Alabama Shakes Shaking Things Up Around Muscle Shoals Again

Brittany Howard, the powerhouse 24-year-old frontwoman for Alabama Shakes, isn’t much for red carpets. But duty called for her double-barreled Grammy debut, so she fancied up her hair and had fellow Southerner Billy Reid design her some dresses. At the MusiCares tribute to Bruce Springsteen, the pre-awards black-tie gala, the Shakes delivered a devastating Adam Raised a Cain, with Howard lowering her gritty, supple punk-blues voice to an astonishing Springsteen-like roar. Then, for the Grammy tribute to Levon Helm, Howard sang The Weight alongside Elton John, Mumford & Sons, Zac Brown, T Bone Burnett and her hero, Mavis Staples, taking the “Crazy Chester” verse and nearly outshining everyone else. Howard brought her grandmother along, and backstage they made the most of it. “I met Adele,” Howard said from her home in Athens, Alabama. “My nana knocked on her dressing-room door and made her come out! She’s fearless.”
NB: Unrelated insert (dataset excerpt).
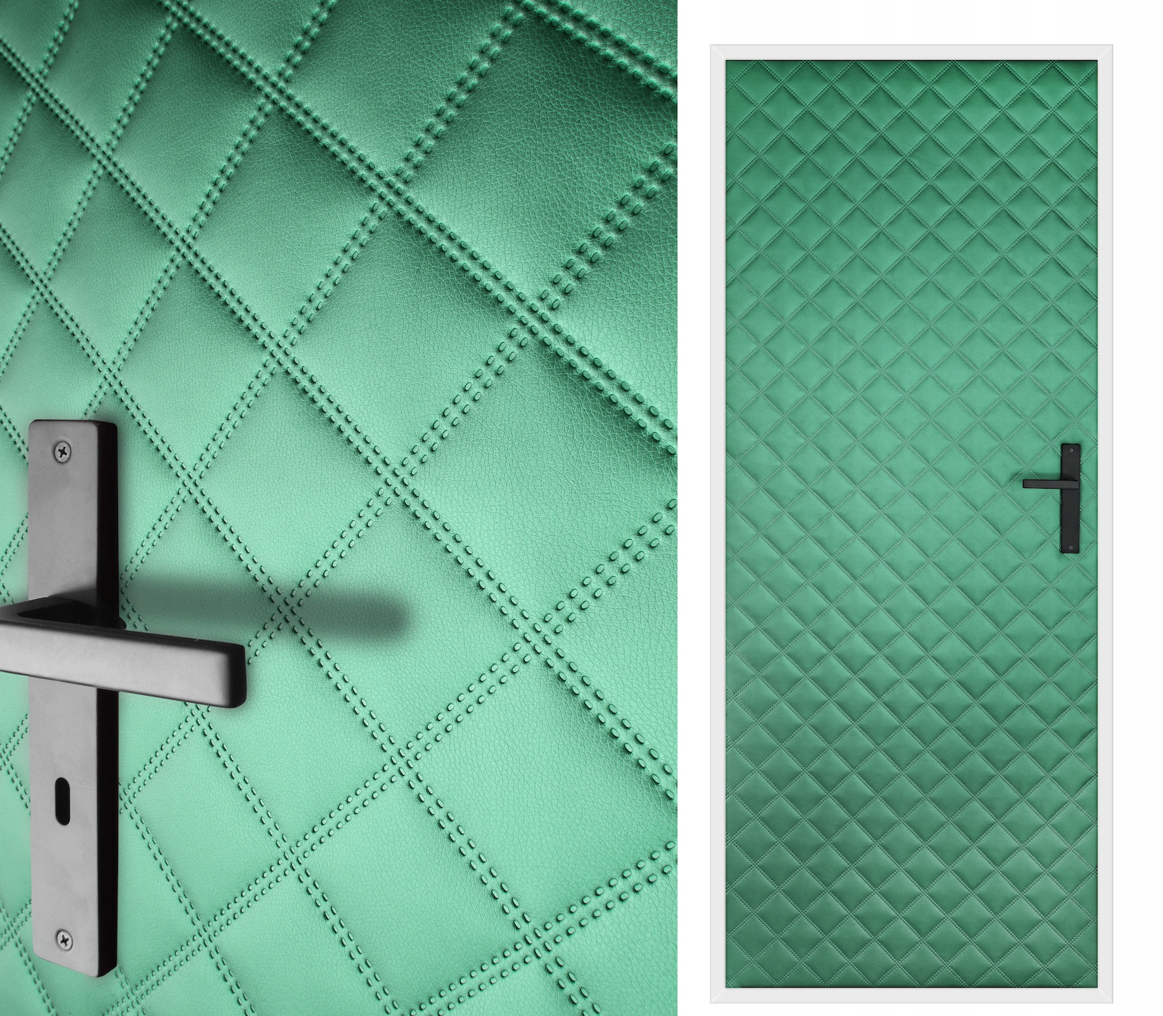 Обивка из простеганной ультразвуком экокожи (безрезьбовой) в ромбовидный узор 7х7см с глубоким 3D эффектом, на подкладке с толстым обивочным утеплителем 250гр/м2. Он оправдает ожидания даже самых требовательных клиентов. Новый дизайн!

The Shakes didn’t take home a statue, despite three nominations, but they had a blast. And they ended the whirlwind week with their first appearance on Saturday Night Live, which in some ways was the best of all. “So many of our heroes have played on that show: Tom Petty, My Morning Jacket,” Howard says. “The Grammys are stressful. On SNL, I just got up there and had fun.”
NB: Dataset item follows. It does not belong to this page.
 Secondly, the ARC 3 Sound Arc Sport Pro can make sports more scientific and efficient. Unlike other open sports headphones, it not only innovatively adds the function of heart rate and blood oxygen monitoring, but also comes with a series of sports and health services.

It was another big moment in the whiplash rise of the Shakes, who in two years have gone from rural oddballs playing Black Sabbath and James Brown covers to an A-list Southern soul-rock franchise. The band’s 2012 debut, Boys & Girls, a set of impassioned originals with a Stax/Volt kick, has sold 430,000 copies, topping iTunes and Amazon’s sales chart in February – nearly a year after its release – thanks to a post-Grammy/SNL bump. The single Hold On (Rolling Stone’s Number One song of 2012) is at 5 million YouTube hits and counting, and Howard has become a sort of soul-queen anti-diva, not afraid to sweat, howl, rock Rubenesque curves, shred on her turquoise Gibson SG or bust geeky dance moves.